[Data records]
###

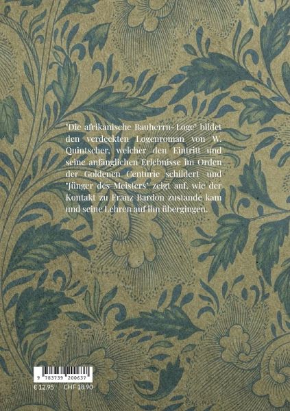 "Die afrikanische Bauherrn-Loge" bildet den verdeckten Logenroman von W. Quintscher, welcher den Eintritt und seine anfänglichen Erlebnisse im Orden der Goldenen Centurie schildert und "Jünger des Meisters" zeigt auf, wie der Kontakt zu Franz Bardon zustande kam und seine Lehren auf ihn übergingen.
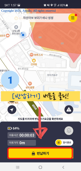 ▲ 즐겁게 씽씽이를 이용하셨다면, 이제 씽씽이를 반납해 볼까요? 씽씽이를 반납하는 방법은 아주 간단합니다. 씽씽이를 주차하신 후, [반납하기] 버튼을 클릭해 주세요.
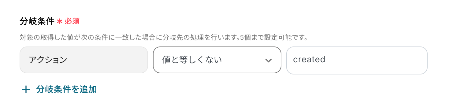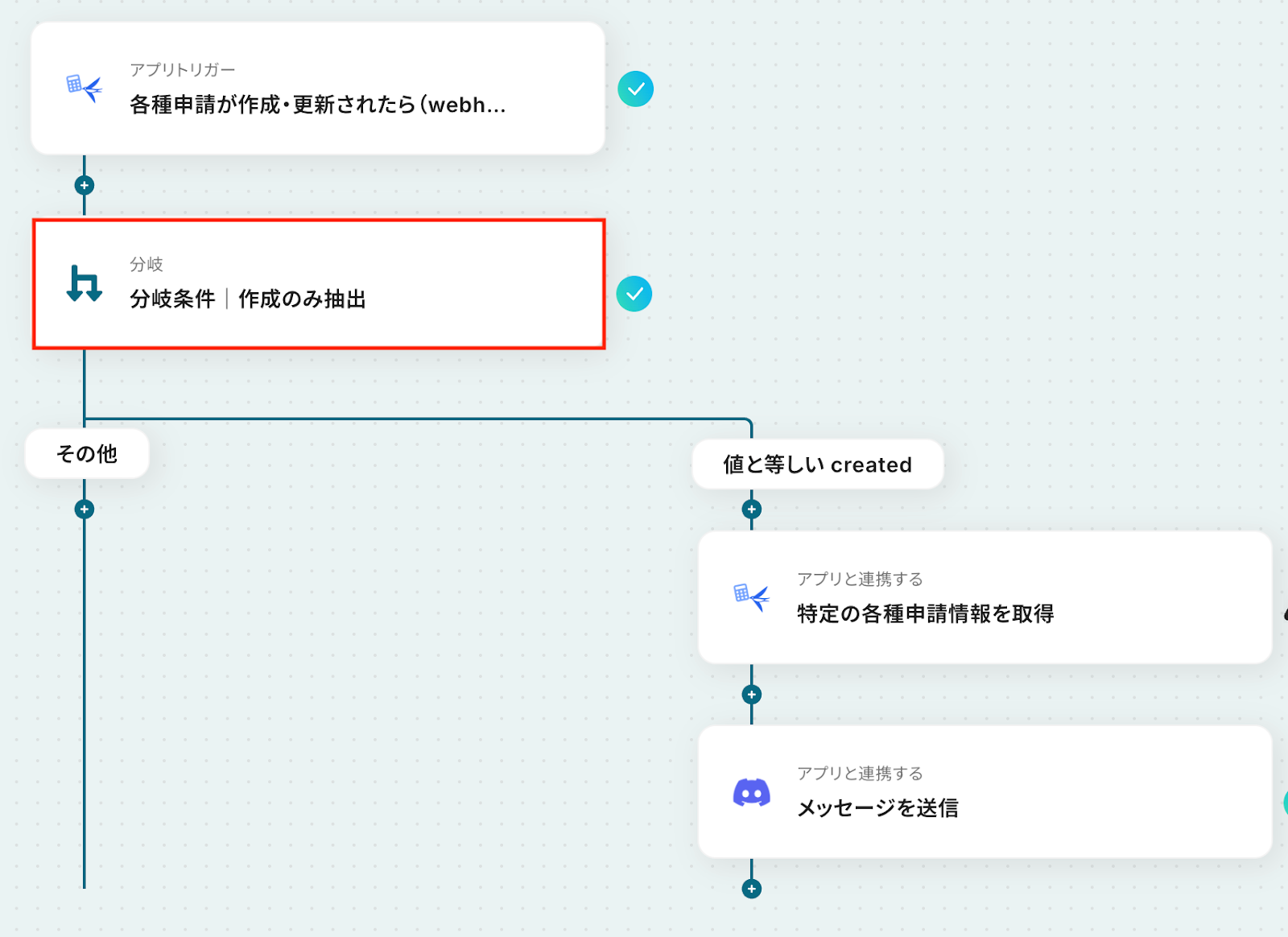 続いて、freee会計で各種申請が新たに作成された場合にのみフローを起動するよう、分岐の設定を行いましょう。
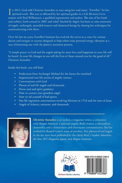 In 2012, God told Christine Snowdon to start using her soul name, "Estrellar," for her spiritual work. This was re-affirmed by her spiritual guides in a Life Between Lives session with Paul Williamson, a qualified regressionist and author. The aim of her book and website, both created in 2007 and titled Touched by Angels, has been to raise awareness of angels, archangels, ascended masters and elemental beings by sharing her techniques for communicating with them. Over the last six years, Estrellar's business has evolved; she serves as a voice for various deities and energies in courses, designed to help others raise personal energy vibration as a way of becoming one with the planet's ascension process. "A simple prayer to God and the Angels asking for more love and happiness in your life will be heard. As your life changes so too will the lives of those around you for the good of all."Christine Snowdon
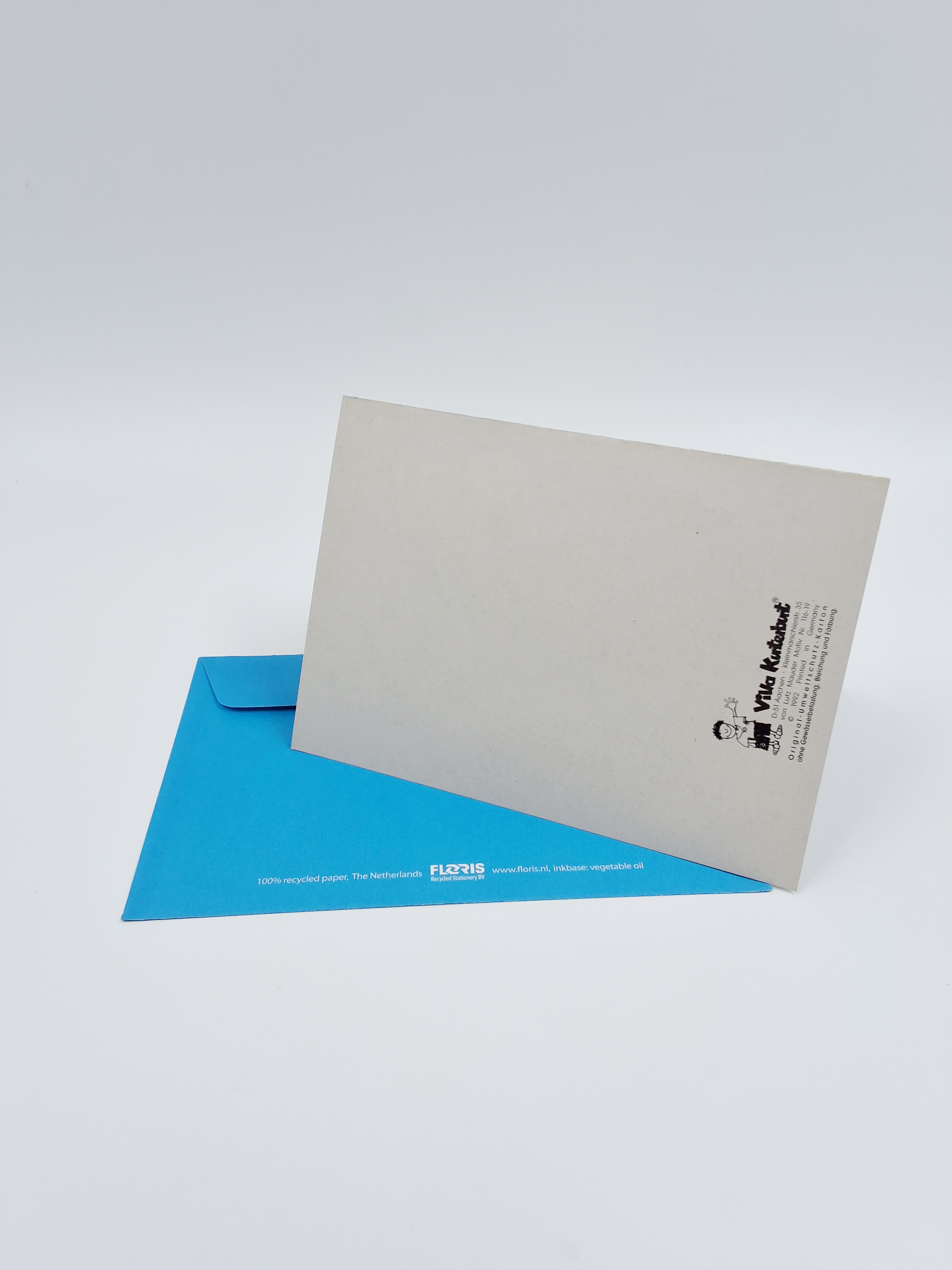 Onze wenskaarten zijn gemaakt van gerecycled papier en bedrukt met inkt op basis van plantaardige olie.

###

Exclude every picture, then reproduce the remaining data character for character.

_Problem solution_.
 "Die afrikanische Bauherrn-Loge" bildet den verdeckten Logenroman von W. Quintscher, welcher den Eintritt und seine anfänglichen Erlebnisse im Orden der Goldenen Centurie schildert und "Jünger des Meisters" zeigt auf, wie der Kontakt zu Franz Bardon zustande kam und seine Lehren auf ihn übergingen.
 ▲ 즐겁게 씽씽이를 이용하셨다면, 이제 씽씽이를 반납해 볼까요? 씽씽이를 반납하는 방법은 아주 간단합니다. 씽씽이를 주차하신 후, [반납하기] 버튼을 클릭해 주세요.
 続いて、freee会計で各種申請が新たに作成された場合にのみフローを起動するよう、分岐の設定を行いましょう。
 In 2012, God told Christine Snowdon to start using her soul name, "Estrellar," for her spiritual work. This was re-affirmed by her spiritual guides in a Life Between Lives session with Paul Williamson, a qualified regressionist and author. The aim of her book and website, both created in 2007 and titled Touched by Angels, has been to raise awareness of angels, archangels, ascended masters and elemental beings by sharing her techniques for communicating with them. Over the last six years, Estrellar's business has evolved; she serves as a voice for various deities and energies in courses, designed to help others raise personal energy vibration as a way of becoming one with the planet's ascension process. "A simple prayer to God and the Angels asking for more love and happiness in your life will be heard. As your life changes so too will the lives of those around you for the good of all."Christine Snowdon
 Onze wenskaarten zijn gemaakt van gerecycled papier en bedrukt met inkt op basis van plantaardige olie.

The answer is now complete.